Начал этот самоуверенный, грубый и злой поп с того, что, не считаясь с умственным уровнем своего народа, с его верованиями, стал исправлять – не основы веры, а крошечные детали, опечатки, букву: старые книги оказались вдруг не правилами, а кривилами, оказалось, что по ним не хвалили Бога, но хулили Его, несмотря на то что вера православная была и до Никона единственной правильной верой, единственно спасающей! И повел свое дело этот ограниченный самодур так, что «никто не смел с ним слова молвить: яко лев восхищая и рыкая, иным ноги ломает дубиною, а иным кожу сдирает и с кобелями теми грызется, как гончая с борзыми». И если он, пастырь душ бесчисленных, пасет их кнутом и дубиной с великим проклинательством, то и они в долгу не остаются, и во имя Господа Аввакум честил его публично: «Носатый и брюхатый кобель, отступник и еретик, сын дьявола, отцу своему, сатане, работает», его звали предтечей антихриста и, чтобы спастись от него, шли на костры. И, обрушиваясь с яростью на старые книги, в то же самое время этот грубый, вечно пьяный поп ведет такую же яростную борьбу с новыми иконами, на глазах народа бьет их вдребезги об пол и у царя выхлопатывает указ, чтобы немцы не смели надевать русской одежды: раз он по ошибке благословил немцев в русской одеже и больше не хочет он ошибкой дать святыни благословенья псам!.. И эта ненависть его к псам была так велика, что, когда Никита Иванович Романов одел холопов своих в немецкие кафтаны, он, великий государь и патриарх московский и всеа Руси, тайком выкрал эти кафтаны и изрубил их в куски. А когда князь Одоевский, Никита Иваныч, вздумал Положением своим окоротить несколько на всю Русь разгулявшихся попиков, то бешеный глава церкви прозвал его Адоевским – от ад, – врагом божественным, дневным разбойником и богоборцем. К чему же, в конце концов, свелась эта бурная деятельность во имя Господа? К тому, что тысячи и тысячи людей гниют по тюрьмам и в ссылке далекой, терзают их на дыбах, сгорают они в огне в то время, как сам патриарх Никон уже в конце патриаршества своего совершенно охладел к своей реформе и даже в типографии своей печатал старые книги по-старому! А боярыню Морозову, Феодосью Прокофьевну за эти самые старые книги только что бросили в тюрьму и рвали на дыбе!

И так было во всех областях жизни человеческой: слепота, злоба, ничтожество всего и в конце концов – развалины. Какая, в конце концов, разница между деятельностью его и Никона?
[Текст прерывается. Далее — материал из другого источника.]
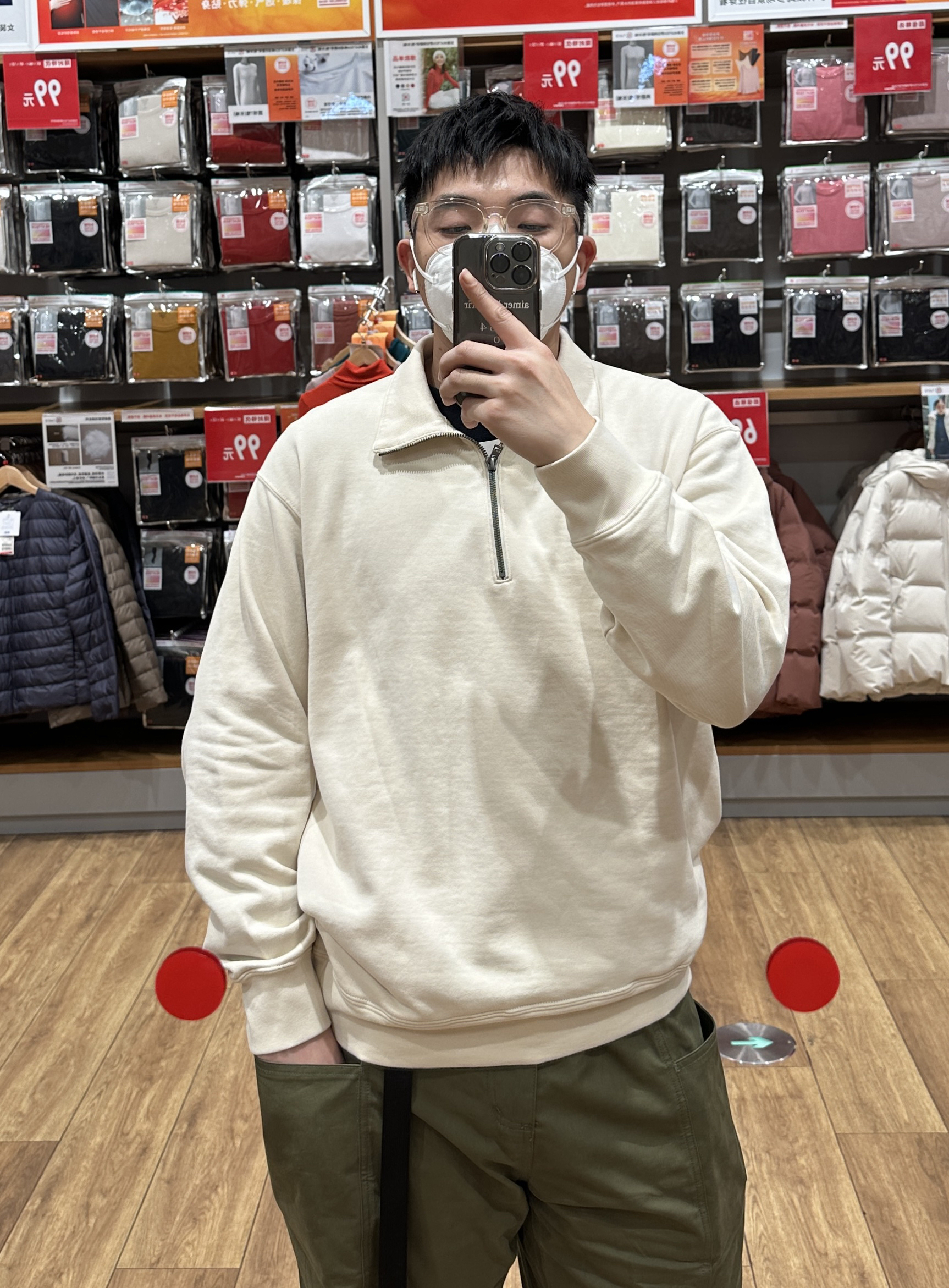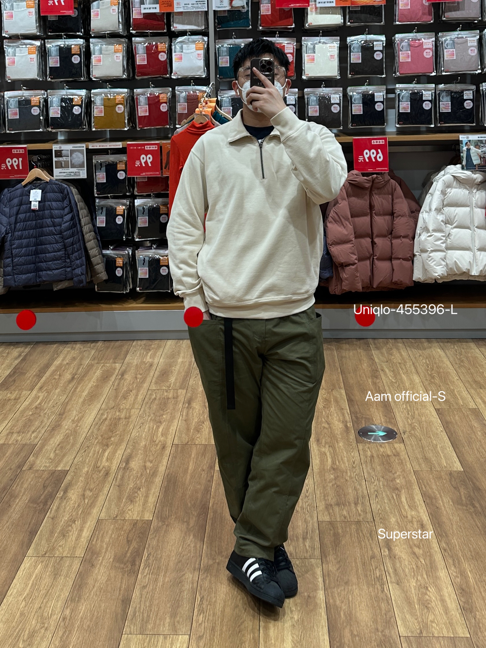 🧥- 23ss的U家半拉链卫衣又来了,¥249的售价自己体会,我来上身! 👖- 军绿色的直筒工装裤 👟- 潮人都在穿的阿迪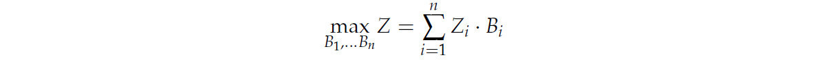 Сущность линейного программирования, следовательно, заключается в построении относительно простых моделей принятия решений, которые могут быть поняты лицами, принимающими решения, и помочь им в принятии политических решений. Эти модели строятся для того, чтобы дать возможность анализировать последствия различных вариантов решений, взаимозависимости между решениями и реакцию системы на изменения и, таким образом, получить рекомендации по принятию решений, позволяющие лучше понять природу проблемы и последствия принятия определенных решений [57,58,59,60,61]. В предлагаемой конструкции, следуя [20,39], линейная целевая функция может быть определена следующим образом:
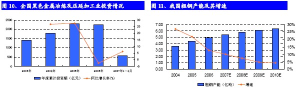 2007年1-5月投資增速4.6%。而且目前的鋼鐵行業(yè)投資主要集中于下游的軋鋼領(lǐng)域,用于粗鋼產(chǎn)能的投資增長有限。結(jié)合國家鋼鐵行業(yè)產(chǎn)能淘汰政策,預(yù)計未來幾年我國鋼鐵業(yè)產(chǎn)能增長將進(jìn)入平穩(wěn)期,粗鋼產(chǎn)量增速預(yù)計在5~10%之間,生鐵產(chǎn)量增速預(yù)計在8~14%之間。

Разве, понимая, отчего и как образуется казачество, не он содействовал кровавому усмирению волнений и гибели Разина?.. Войны ничего, кроме бедствий, не дающие, мирные договоры, мира ни в малейшей степени не обеспечивающие, просвещение истинами, которые чрез десять лет оказываются жалкой и преступной ложью, – вот все, на что была потрачена вся его жизнь! А в конце всех этих дней, полных труда, забот и волнений, измученный человек, распятый на невидимом кресте жизни, поднимает к небу скорбные глаза и, плача в тишине осеннего леса, вопрошает робко: в чем же была моя ошибка, Господи? Где же путь?
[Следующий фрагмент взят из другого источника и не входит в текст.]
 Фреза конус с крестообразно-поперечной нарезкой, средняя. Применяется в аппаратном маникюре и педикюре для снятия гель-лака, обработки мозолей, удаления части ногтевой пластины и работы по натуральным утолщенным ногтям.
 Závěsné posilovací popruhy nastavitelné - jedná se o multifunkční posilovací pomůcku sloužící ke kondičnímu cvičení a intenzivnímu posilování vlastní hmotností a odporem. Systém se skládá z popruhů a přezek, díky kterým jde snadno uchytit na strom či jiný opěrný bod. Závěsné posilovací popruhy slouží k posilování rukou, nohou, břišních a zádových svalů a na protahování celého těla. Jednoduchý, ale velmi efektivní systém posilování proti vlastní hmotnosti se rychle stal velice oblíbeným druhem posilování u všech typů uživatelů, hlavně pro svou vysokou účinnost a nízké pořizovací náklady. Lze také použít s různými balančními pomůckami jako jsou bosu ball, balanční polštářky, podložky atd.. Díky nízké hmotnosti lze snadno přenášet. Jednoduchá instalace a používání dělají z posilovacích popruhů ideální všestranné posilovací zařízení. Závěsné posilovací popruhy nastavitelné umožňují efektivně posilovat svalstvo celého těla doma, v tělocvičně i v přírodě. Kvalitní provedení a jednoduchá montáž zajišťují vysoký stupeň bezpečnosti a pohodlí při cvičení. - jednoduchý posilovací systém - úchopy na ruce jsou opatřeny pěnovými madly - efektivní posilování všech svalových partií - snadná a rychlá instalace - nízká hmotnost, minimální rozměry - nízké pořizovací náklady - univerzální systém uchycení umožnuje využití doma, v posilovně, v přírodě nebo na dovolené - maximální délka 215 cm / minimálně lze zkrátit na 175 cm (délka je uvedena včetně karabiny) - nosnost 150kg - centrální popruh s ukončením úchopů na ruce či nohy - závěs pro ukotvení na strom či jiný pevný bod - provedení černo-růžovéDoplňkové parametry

И более чем когда-либо, ясно теперь понимал он, что ошибка его была в том, что, искушаемый суетным желанием устроить жизнь людей, он подменял для них и для себя большую правду жизни, которая всегда жила в глубине его души, правдами малыми, временными, земнородными.

Но в чем же эта большая правда, как в одном слове выразить ее?

Вспомнились гордые слова мудреца галльского: cogito ergo sum. Как показались ему они прекрасны, когда впервые он услышал их!.. Но он знает – и всегда знал, – что есть слово болеее прекрасное: amo ergo sum, ибо только тогда, когда он любил, не чувствовал он тяготы жизни и ее безвыходности. Так, но для чего же тогда миражам ненужным была отдана вся его жизнь?

Сзади послышались шаги. Отец Антоний оглянулся: к нему подходили двое странников с подожками и котомочками, один вроде попика, с постным личиком и пронзительно-любопытными глазенками, а другой смуглый, точно опаленный, с черными глазами, в которых горел огонь неуемный и неугасимый. Завидев отца Антония, оба низко поклонились ему.

– К тебе, отец Антоний… – проговорил попик. – Побеседовать, коли милость будет…

– Ну, садитесь, отдыхайте, – ласково отвечал о. Антоний. – Откуда вы?

– Да по совести ежели, то ниоткуда, отец… – отвечал попик. – Перекати-поле мы, бродячий народ: сегодня здесь, а завтра где Бог приведет.

– Чего же вы эдак ходите-то?

– Испытуем, где чем люди живут… – сказал попик.

– Града грядущего взыскуя… – тихо добавил черный.

– Вон вы какие!.. – участливо посмотрел на них отец Антоний. – Ну и что же проведали вы?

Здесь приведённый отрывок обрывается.